Liberty has agreed to purchase the Dongbu Steel plant and associated equipment from South Korean parent company KG Steel, for installation at its Romania-based Galati steelworks, Kallanish notes.
The plant, located in Dangjin, South Korea, comprises two modern, Consteel 160-tonne electric arc furnaces, two single strand, vertically-curved thin slab continuous casters, and a hot strip mill. It has an installed liquid steel capacity of 3 million tonnes/year and finished steel products capacity of 2.85m t/y.
“Technical studies conducted by Liberty indicate that the Dongbu plant has the potential to perform at the highest standards in the sector against KPIs including CO2 emissions, energy efficiency, cost, operational flexibility and product range,” Liberty says.
The equipment will allow Galati to transition to low-carbon EAF operations several years faster than previously planned and at significantly lower cost compared with alternative options analysed, it adds.
Dongbu Steel was acquired by KG Group in 2019 (see Kallanish passim). Creditors attempted but failed to sell financially-troubled Dongbu in 2014 and 2017. As part of its restructuring, the firm sought a buyer for its EAFs but was unsuccessful until now.

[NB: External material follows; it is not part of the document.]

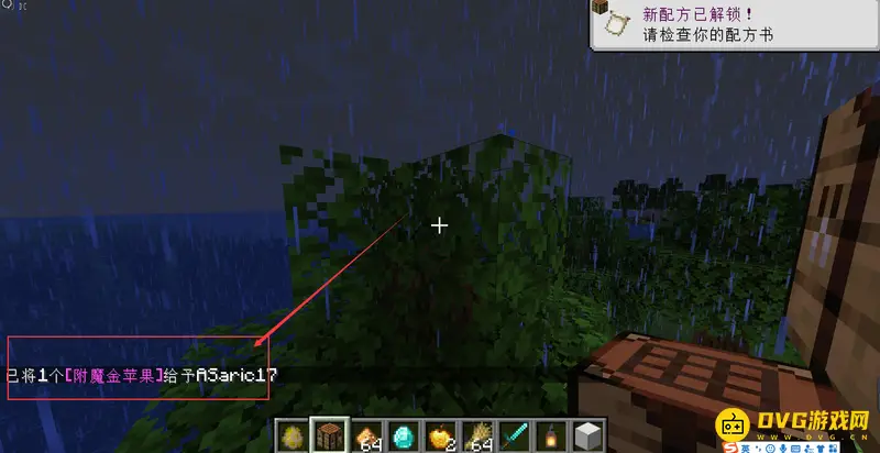 2、点击回车后,出现指令成功提示,即代表指令执行成功,玩家获得一个附魔金苹果: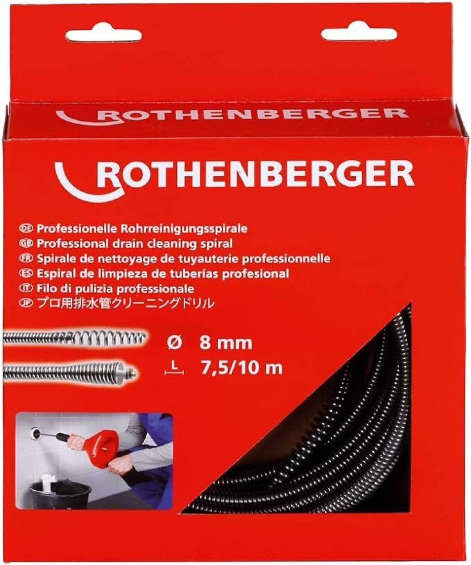 - Adecuadas para ROSPI H + E Plus, ROSPI 36 Plus, ROSPIMATIC y con adaptador R 550, R 600, R 650 Fácil de usar, incluso en curvas cerradas, especialmente con espirales de 8 mm, también directamente mediante colectores de sumidero, sin tener que desmontar el sumidero o el sifón guardaolores

Last summer, Liberty Galati launched the tender process for the supply of hybrid EAFs (see Kallanish passim). This is thought to be going ahead despite the latest acquisition from Korea. The new EAFs at Galati will replace the existing blast furnaces by 2025, allowing the Romanian mill to be more flexible by using hot metal, direct reduced iron (DRI/HBI) and scrap steel in the charge mix.